Example 29.1 Analysis of Iris Data With PROC CANDISC

The iris data published by Fisher (1936) have been widely used for examples in discriminant analysis and cluster analysis. The sepal length, sepal width, petal length, and petal width are measured in millimeters on 50 iris specimens from each of three species: Iris setosa, I. versicolor, and I. virginica. The iris data set is available from the Sashelp library.

This example is a canonical discriminant analysis that creates an output data set containing scores on the canonical variables and plots the canonical variables.

The following statements produce Output 29.1.1 through Output 29.1.6:

title 'Fisher (1936) Iris Data';

proc candisc data=sashelp.iris out=outcan distance anova;
   class Species;
   var SepalLength SepalWidth PetalLength PetalWidth;
run;

PROC CANDISC first displays information about the observations and the classes in the data set in Output 29.1.1.

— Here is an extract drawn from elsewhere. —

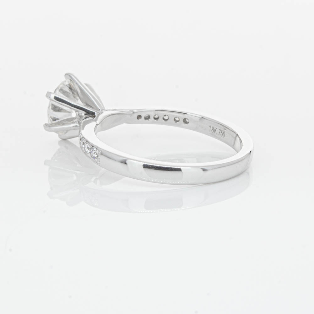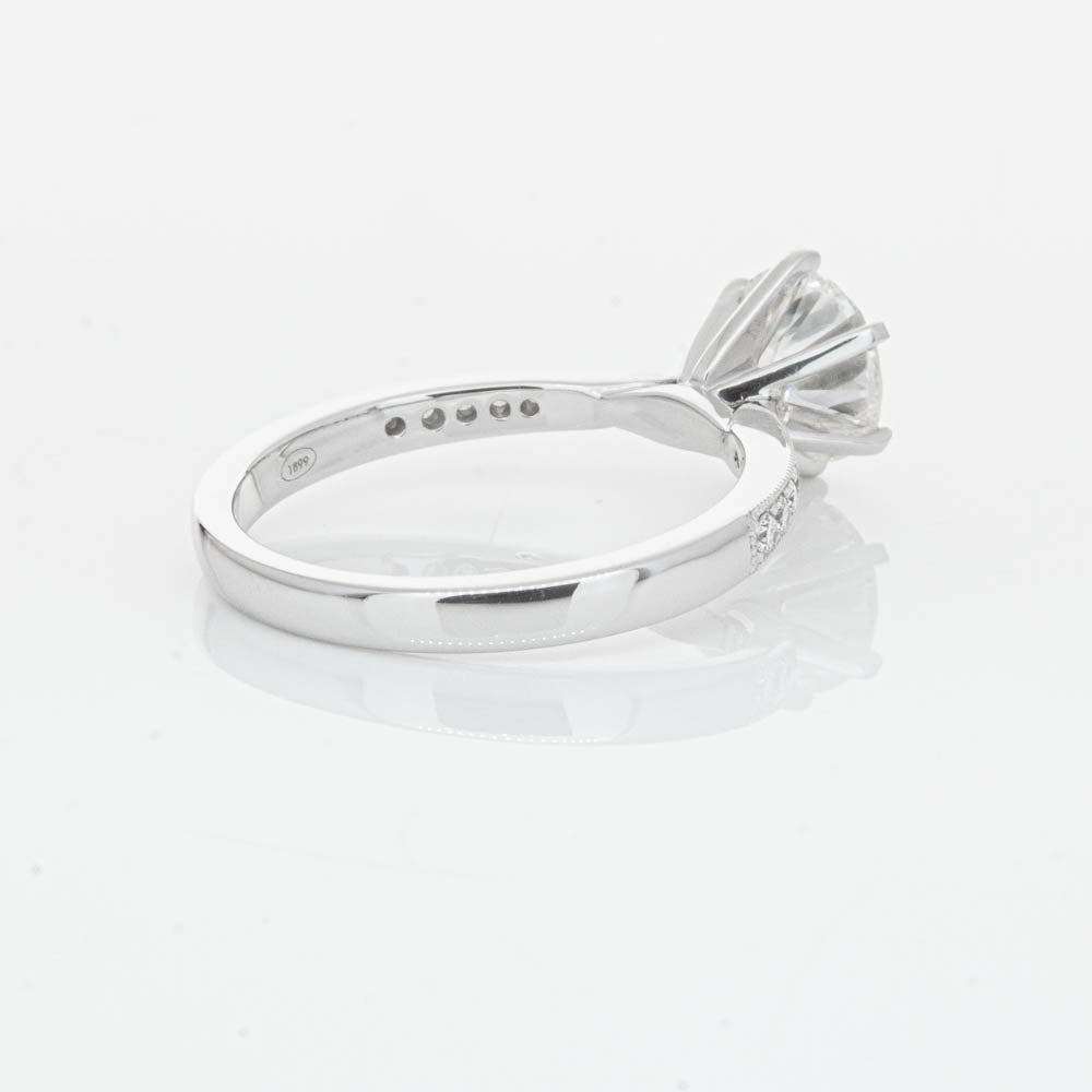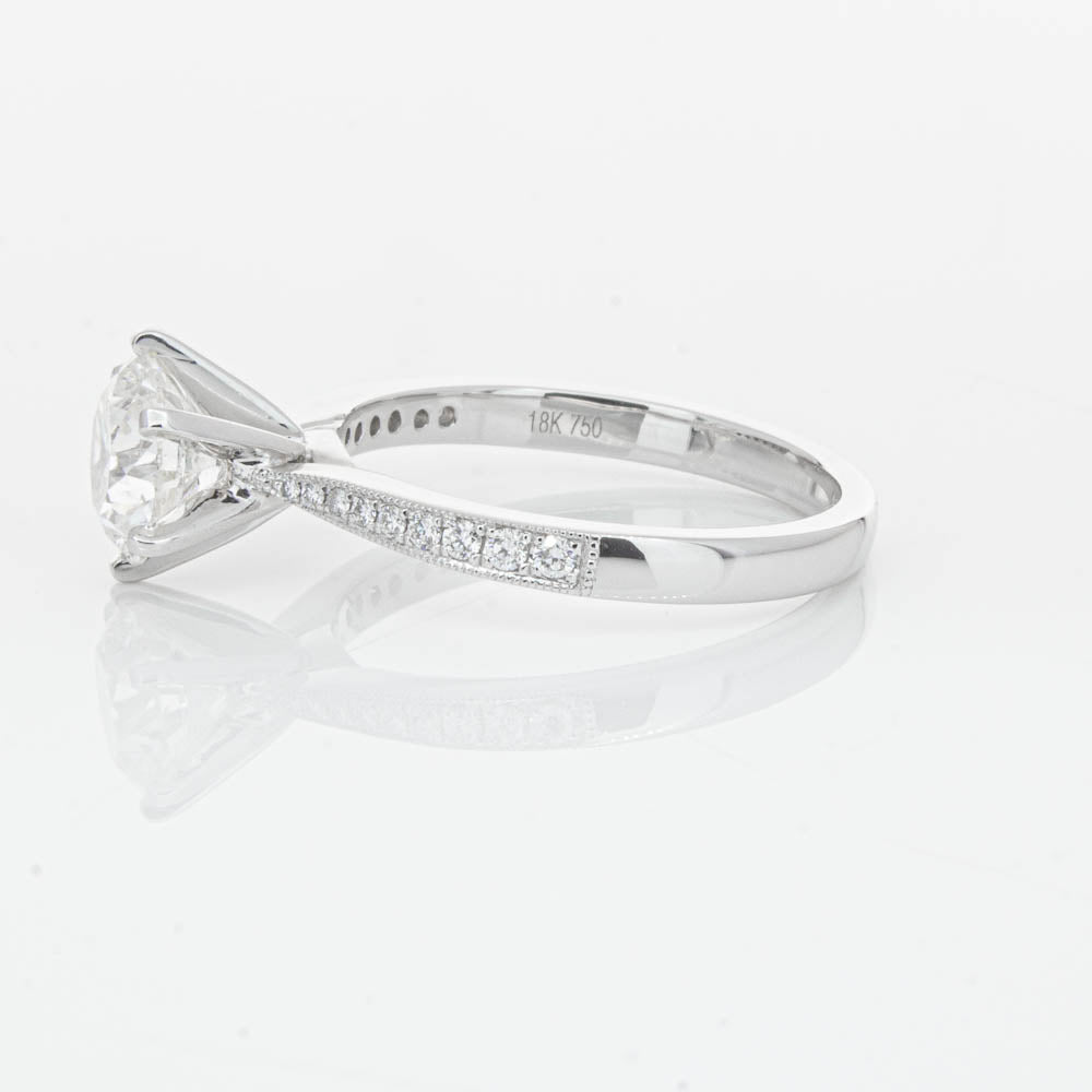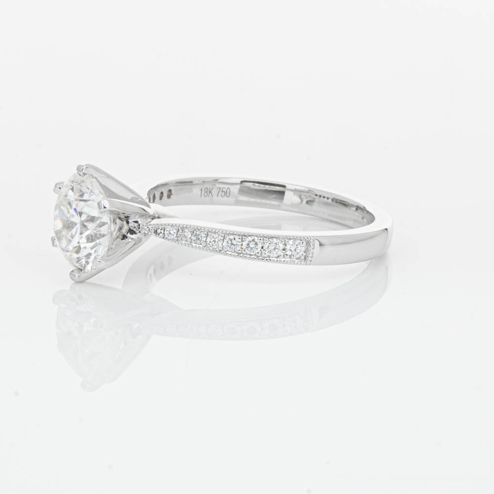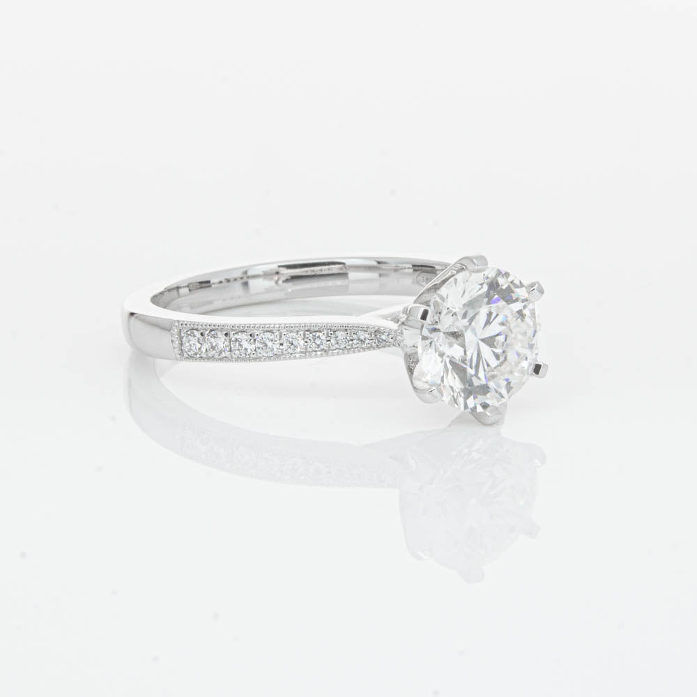 A delicate diamond set band with milgrain detailing, tapers towards the zenith to showcase a sparkling diamond.

Output 29.1.1: Iris Data: Summary Information

Fisher (1936) Iris Data

The CANDISC Procedure

Total Sample Size 150 DF Total 149
Variables 4 DF Within Classes 147
Classes 3 DF Between Classes 2

Number of Observations Read 150
Number of Observations Used 150

Class Level Information
Species Variable
Name
Frequency Weight Proportion
Setosa Setosa 50 50.0000 0.333333
Versicolor Versicolor 50 50.0000 0.333333
Virginica Virginica 50 50.0000 0.333333


The DISTANCE option in the PROC CANDISC statement displays squared Mahalanobis distances between class means. Results from the DISTANCE option are shown in Output 29.1.2.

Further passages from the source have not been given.